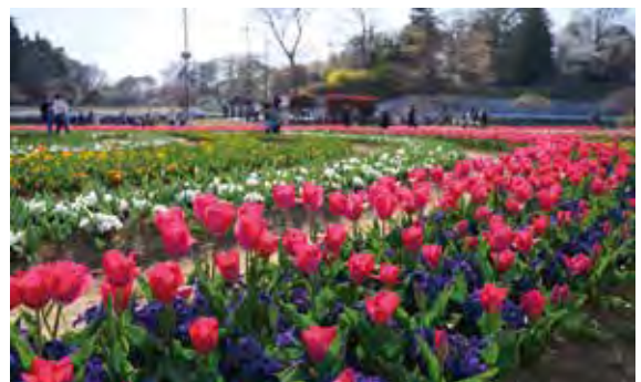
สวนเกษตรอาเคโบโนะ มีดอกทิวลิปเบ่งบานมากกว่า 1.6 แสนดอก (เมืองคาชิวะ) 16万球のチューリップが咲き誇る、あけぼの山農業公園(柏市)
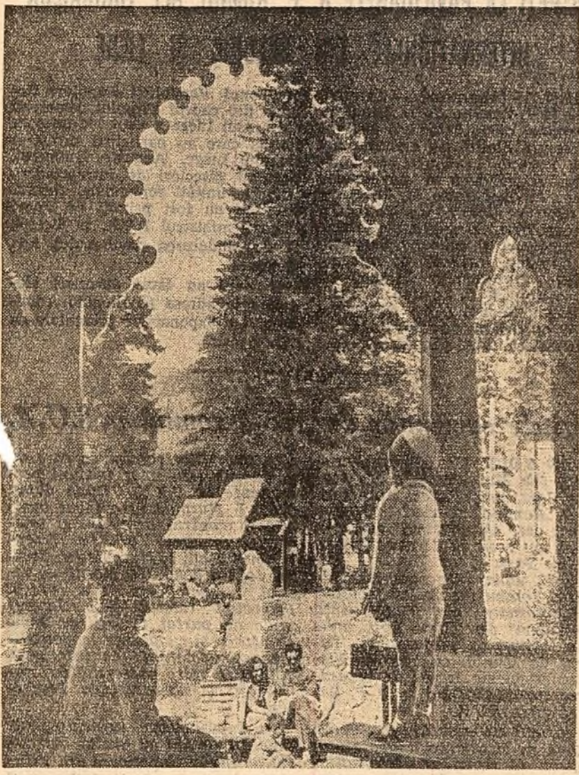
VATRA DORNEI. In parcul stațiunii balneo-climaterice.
- - - - -
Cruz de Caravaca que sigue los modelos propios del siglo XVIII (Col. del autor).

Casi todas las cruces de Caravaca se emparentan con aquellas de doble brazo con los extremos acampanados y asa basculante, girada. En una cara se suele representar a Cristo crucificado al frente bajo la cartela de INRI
- - - - -
Task goal
Please copy every line of the records above in which "Caravaca" appears.

Task result
Cruz de Caravaca que sigue los modelos propios del siglo XVIII (Col. del autor).
Casi todas las cruces de Caravaca se emparentan con aquellas de doble brazo con los extremos acampanados y asa basculante, girada. En una cara se suele representar a Cristo crucificado al frente bajo la cartela de INRI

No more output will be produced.